Deep neural networks have demonstrated very promising performance on accurate segmentation of challenging organs (e.g., pancreas) in abdominal CT and MRI scans. The current deep learning approaches conduct pancreas segmentation by processing sequences of 2D image slices independently through deep, dense per-pixel masking for each image, without explicitly enforcing spatial consistency constraint on segmentation of successive slices. We propose a new convolutional/recurrent neural network architecture to address the contextual learning and segmentation consistency problem. A deep convolutional sub-network is first designed and pre-trained from scratch. The output layer of this network module is then connected to recurrent layers and can be fine-tuned for contextual learning, in an end-to-end manner. Our recurrent sub-network is a type of Long short-term memory (LSTM) network that performs segmentation on an image by integrating its neighboring slice segmentation predictions, in the form of a dependent sequence processing.
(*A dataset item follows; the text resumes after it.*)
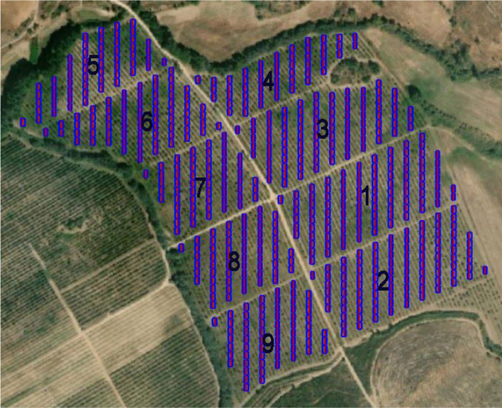 Pour la disposition du projet PV à espacement, une distance de 20 mètres a été retenue, créant un espace minimum de 15 mètres entre les deux rangées de huit modules chacune, pour un total de 16 modules. Les modules avaient un angle d’inclinaison de 55 % à -55 %, et des trackers ont été utilisés pour suivre le mouvement du soleil et optimiser la production d’énergie. Dans la configuration du champ photovoltaïque en hauteur, les 16 modules ont été installés sur une seule rangée afin de réduire l’ombre portée sur les cultures situées en dessous. Là encore, un angle d’inclinaison de 55 % à -55 % a été choisi, à l’aide de trackers. Cependant, dans cette installation, le terrain a créé trop d’ombres, de sorte que l’angle d’inclinaison a été ajusté à 45% et -45%.
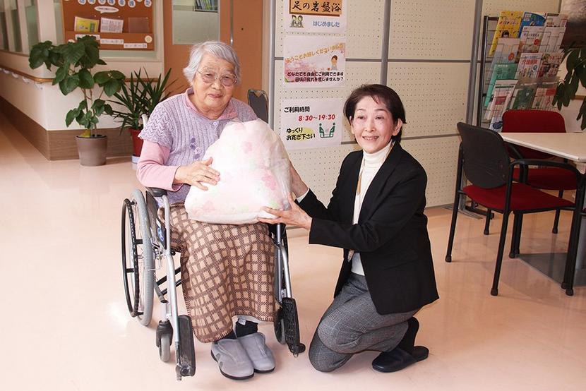古布を持つ藤井さん(左)と塩川会長(ほしのさと)

Additionally, a novel segmentation-direct loss function (named Jaccard Loss) is proposed and deep networks are trained to optimize Jaccard Index (JI) directly. Extensive experiments are conducted to validate our proposed deep models, on quantitative pancreas segmentation using both CT and MRI scans. Our method outperforms the state-of-the-art work on CT [11] and MRI pancreas segmentation [1], respectively.